A new app developed by ProPublica  gives a clear picture of best- and worst-case capacity scenarios by region. It reflects variables such as number of beds available, ICU capacity, population over 65, and projected infection rates (20 percent, 40 percent, 70 percent). By visualizing scenarios for different time frames (six months, 12 months, 18 months), decision-makers can see where communities need to focus to ensure they have enough hospital beds, trained professionals, and equipment.

The data show a profound mismatch in most U.S. markets between available bed supply and the projected demand for inpatient and ICU beds for COVID-19 patients. With most hospital beds occupied in any given market (as a matter of business practice), HGHI researchers say the number of ICU beds is below what would be needed to meet full demand if the coronavirus disease runs its course.

One measure that hospitals can take is canceling elective surgeries, which would free up inpatient beds, decrease the chance of transmission, and ease a bottleneck in the availability of ventilators. Creating that capacity is essential so that patients with cancer, complications of pregnancy, and traumatic injury can continue to get the high-quality care they rely on every day.

“The Harvard Global Health Institute has the ability to spring into action and work across the University to tackle big, new challenges like this,” said Jha. “It’s hard to think of a public health or societal issue that’s more important than the coronavirus pandemic, and we hope this project will help change the national conversation from panic to planning.
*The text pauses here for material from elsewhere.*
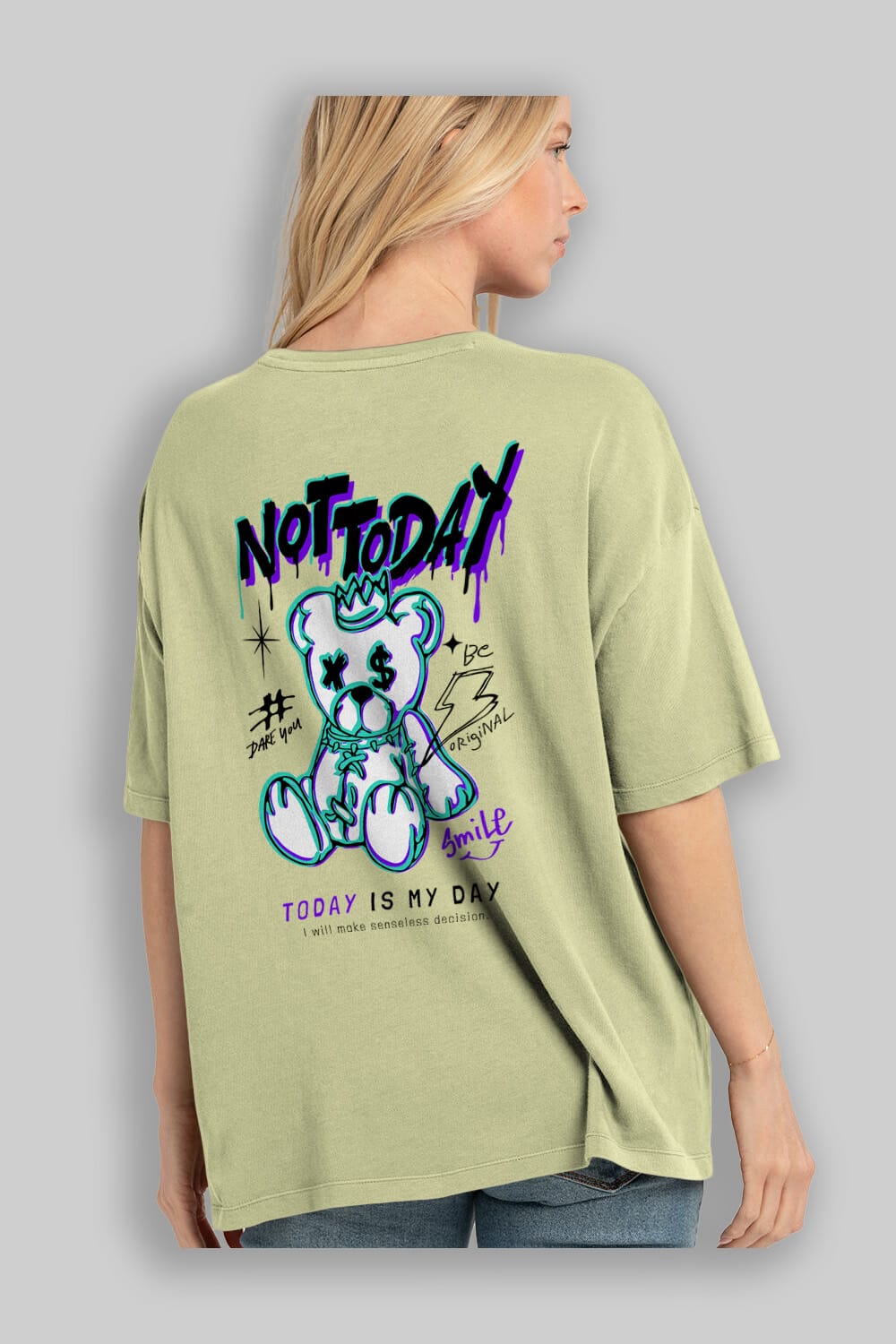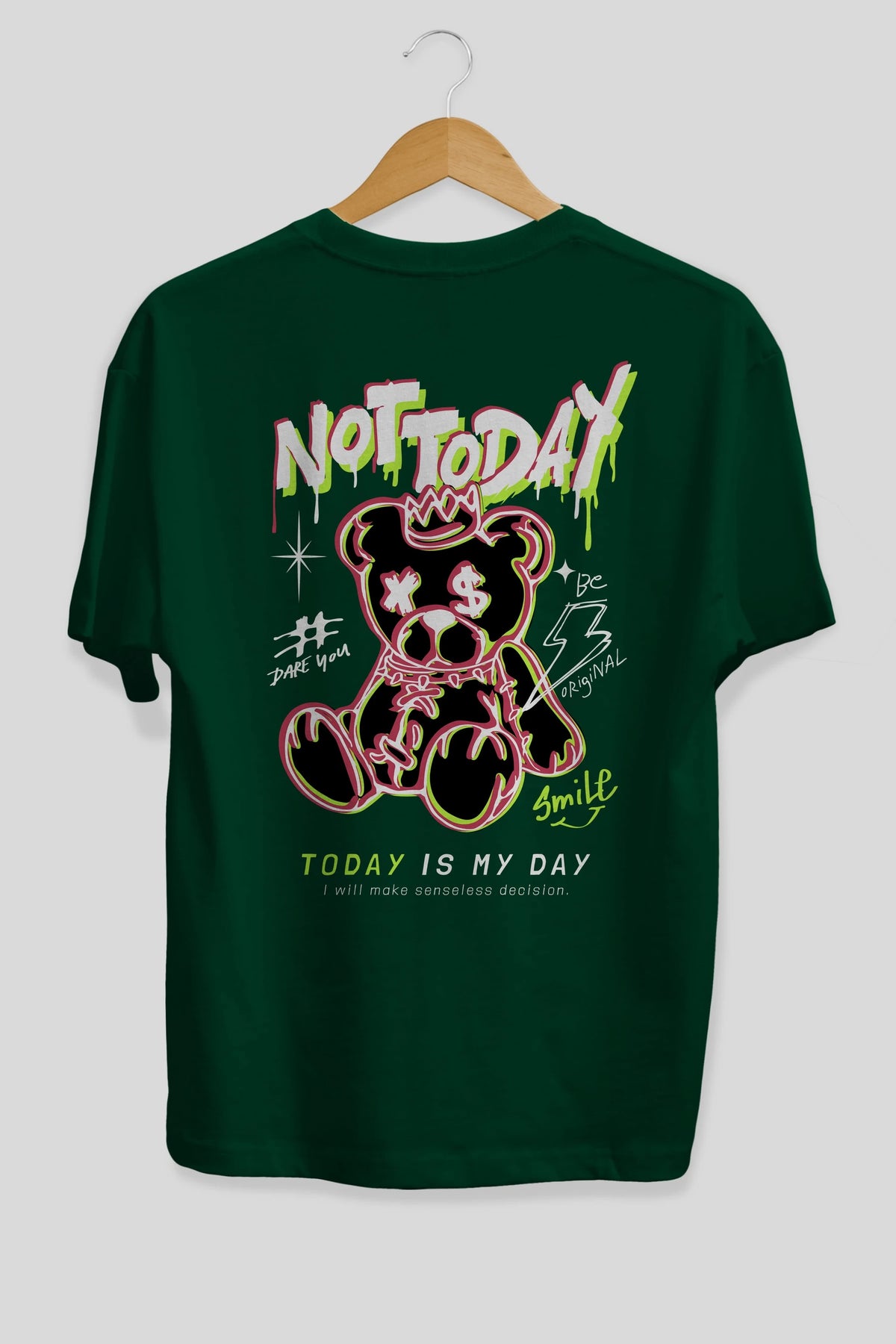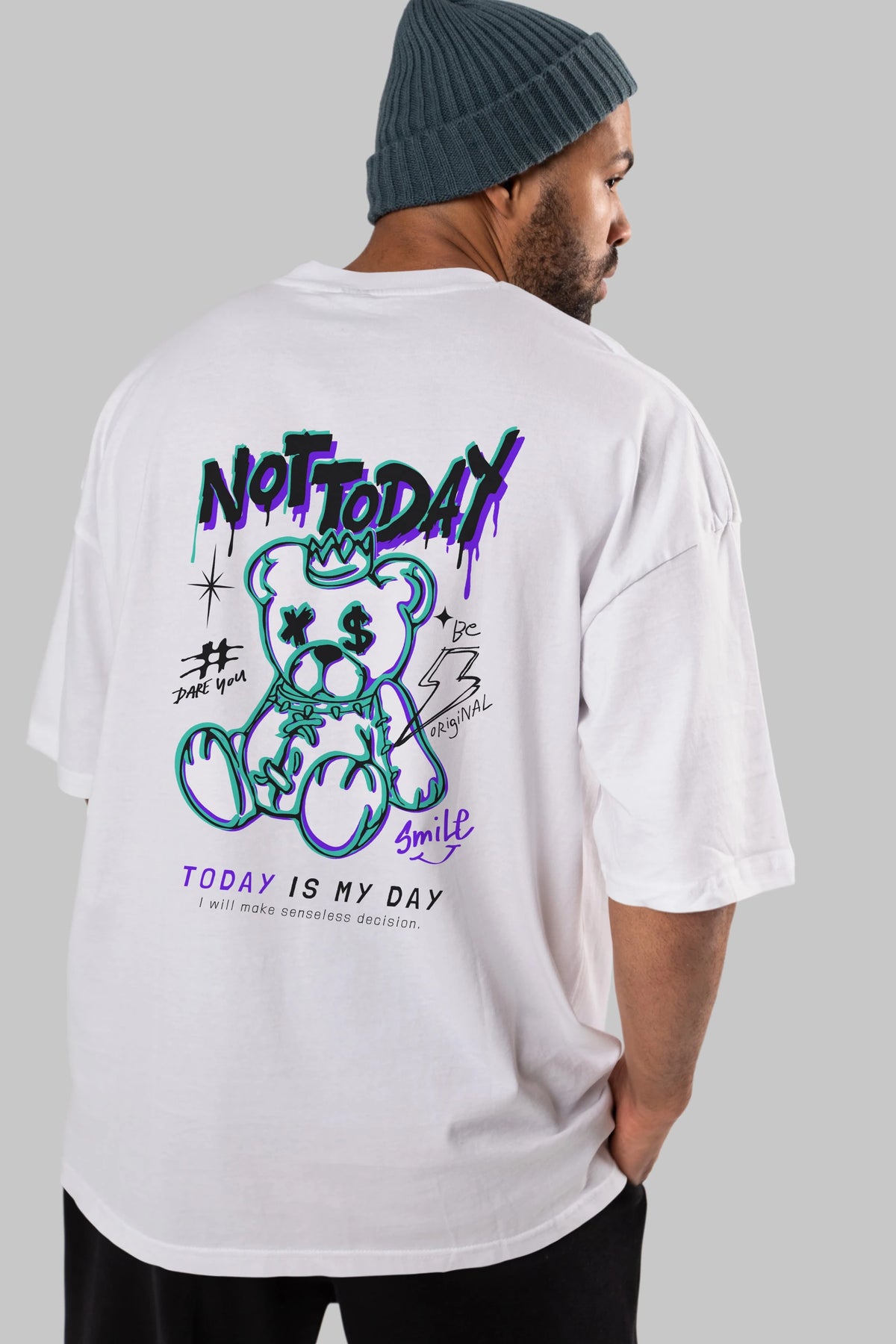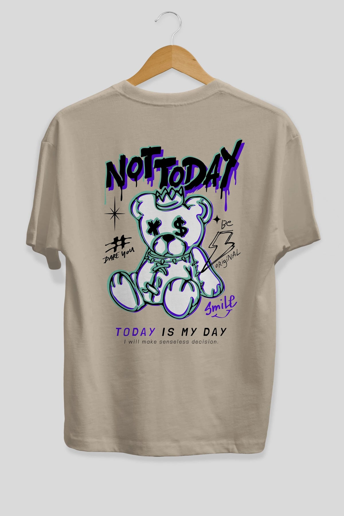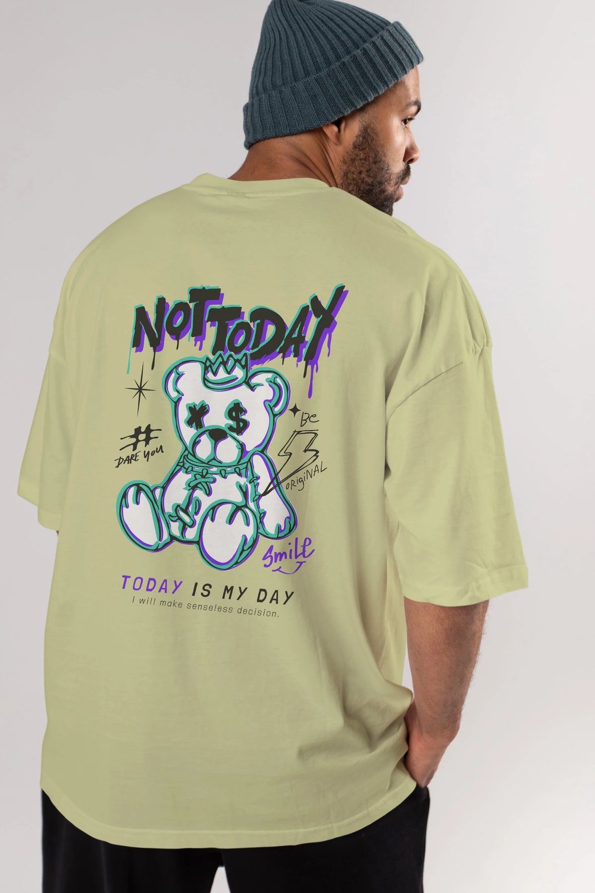 Teddy Bear Not Today Arka Baskılı Oversize t-shirt Erkek Kadın Unisex

It’s been remarkable to see the team pull together this important data so quickly. We’ve worked with some of the best journalists in the country so we can make sure people understand what the model is, how to use it, and why looking at the data matters right now.”

A forthcoming HGHI website will allow users to manipulate more factors and test scenarios over longer periods. The researchers are also hoping to incorporate additional datasets, for example on elective surgeries and chronic conditions, to ensure the tool supplies as much high-quality data as possible.